A nadie debería extrañarle que el primer libro de una enorme poeta como Susana Benet apareciese tras superar su autora los cincuenta y cinco años de vida. Hay precedentes, y además Benet cultiva una poesía que depende inevitablemente del silencio, de la paciencia, del saber esperar a que las palabras nazcan sin forzarlas. La poesía que más me importa es la que asalta a los autores cuando estos no se lo proponen, y, aunque sé que también se pueden obtener buenos resultados con disciplina, trabajo y tenacidad, esta será necesariamente una poesía creada, no nacida. Si Ramón Eder creía en su aforismo que «Solo somos felices cuando no nos damos cuenta» (en Ironías, Zaragoza, Eclipsados, 2007, p. 73), de los poetas se podría decir algo muy parecido. En ocasiones la poesía es silvestre, y esta no es una afirmación espiritual ni quiere ser misteriosa o inflamada. Es, simplemente, la constatación de una experiencia que todos los poetas conocen: la poesía llega en eso que llamamos inspiración (otros, más solemnes, hablarían de epifanía, revelación, encuentro…) y hay que saber aguardarla y, después, obedecerla, como defendía inolvidablemente Ramón Gaya, refiriéndose a la pintura.

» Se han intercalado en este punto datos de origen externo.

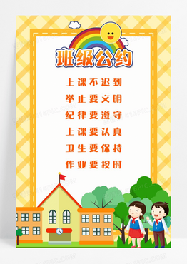 卡通风格创意班级公约上课不迟到宣传海报班级公约海报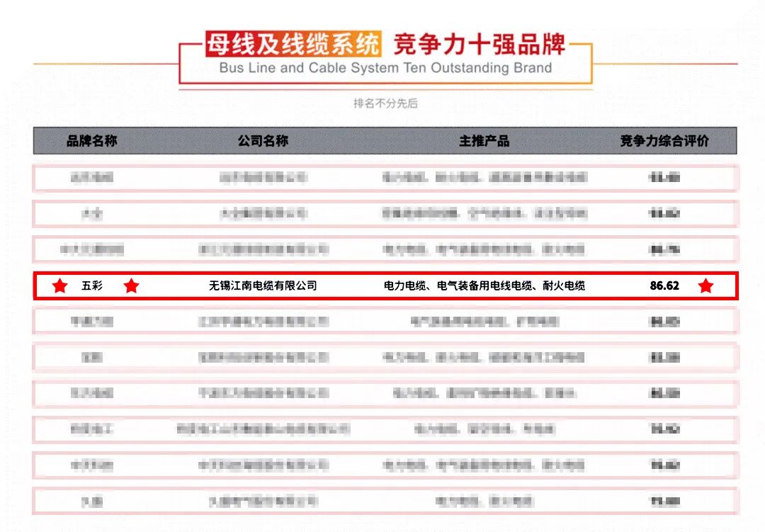 Jiangnan Cable won the Top 10 Building Electrical Brand Competitiveness in 2021!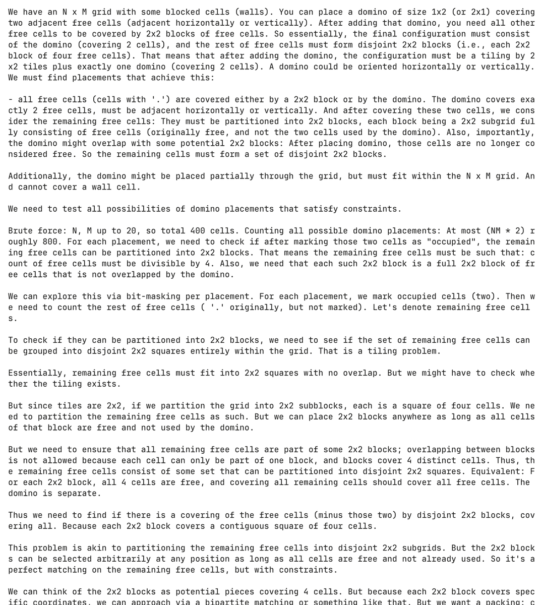 这时模型会幻觉式生成多米诺骨牌的编程问题,并自发尝试解决,单次过程就消耗了超过30000个token(相当于数万字的文本量)。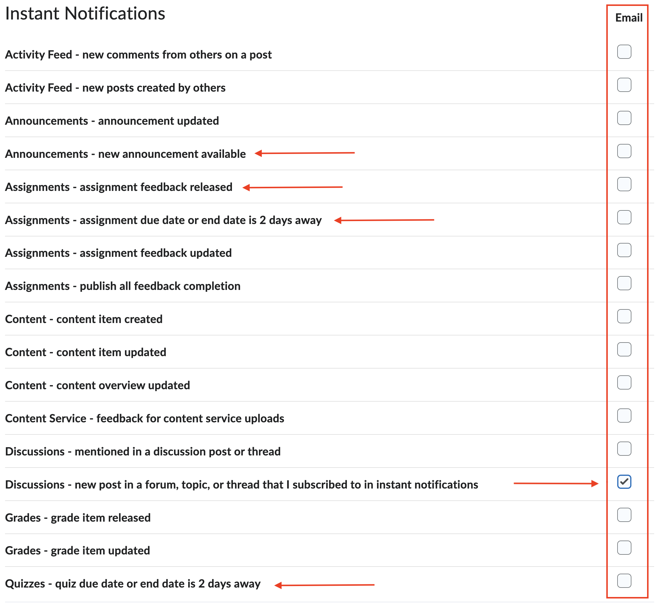 - You can add or remove checkmarks in the red box to indicate what you'd like to receive emails for.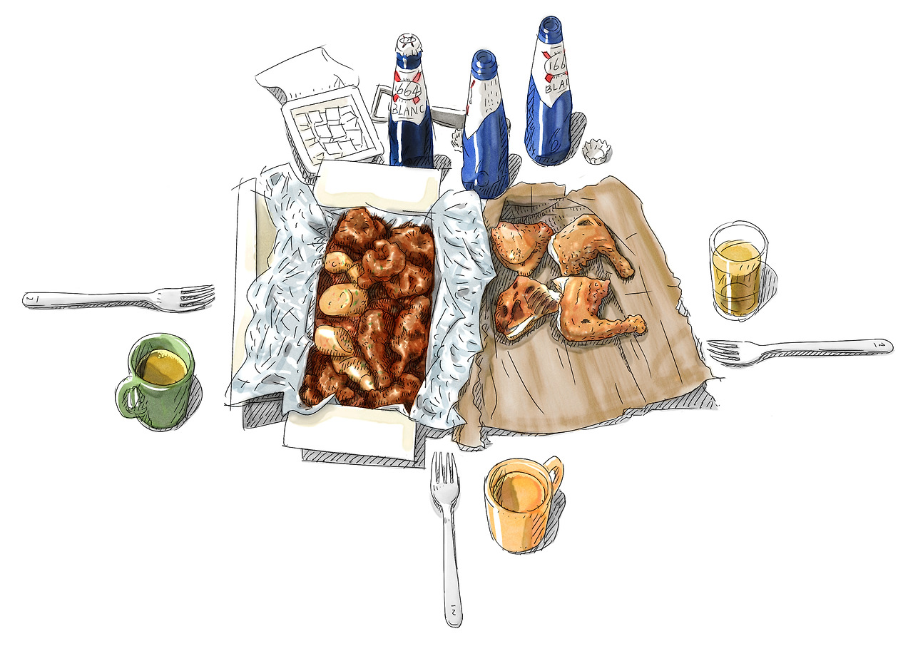 치킨을 먹을 때도 리듬과 박자가 존재한다. 처음에는 눈치 볼 거 없이, 각자의 리듬과 박자대로 먹기 시작한다. 그러다 어느 순간 서서히 느려지기 시작한다. 누가 얼마나 먹었는지, 언제 포크를 내려놓을 것인지 가늠해본다. 그날은 동생이 먼저 포크를 내려놓았다. 이제 남은 건 제부와 나. 제부는 양념을 집중적으로 먹었고, 나는 후라이드에 몰입해 먹었다. 게다가 난 닭다리를 두 개나 먹었다! 양념 하나, 후라이드 하나. 너무 많이 먹었나 싶었지만, 치킨 앞에서 내 이성은 이미 마비되고 말았다. 치킨을 한 조각 집을 때마다 나는 정중하게 물었다. “이거 먹어도 되니?” 그렇게 포기하지 않고, 조심스럽게 계속 먹었다. 끝까지 포크를 내려놓을 생각은 들지 않았다.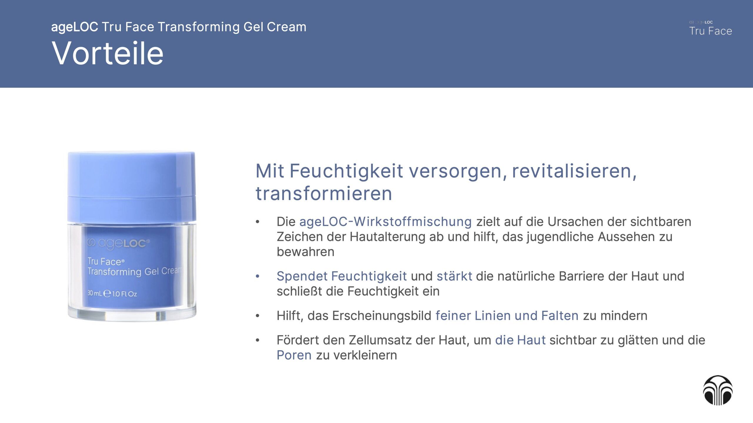 Die ageLOC Tru Face Transforming Gel Cream ist eine hochentwickelte Feuchtigkeitscreme, die deine Haut intensiv hydratisiert und gleichzeitig sichtbar glättet. Mit ihrer luxuriösen Gel-Textur verbindet sie leichte Frische mit intensiver Pflege – ideal für die tägliche Anwendung.

Hay que celebrar, entonces, la aparición de un libro lleno de modesta riqueza, rebosante de pequeños tesoros en forma de palabras e insinuaciones (como en toda gran poesía, lo más importante es lo que no se dice). Es cierto que no todos los textos son perfectos (chirrían especialmente aquellos en los que algún verso se ve trabado con comas y pausas internas, porque transgreden la música del haiku) pero hay tantos que sí lo son que Lluvia menuda es un regalo para los lectores más exigentes. Alta literatura que, además, viene envuelta en una edición prodigiosa (como casi todas las de la colección), completamente libre de erratas (solo se ha escapado alguna en el último título de la solapa) e ilustrada con una preciosa viñeta de Clara Benedicto.

Todo son ventajas, entonces: «Sol amarillo, / no le caben más frutos / al limonero» (p. 33).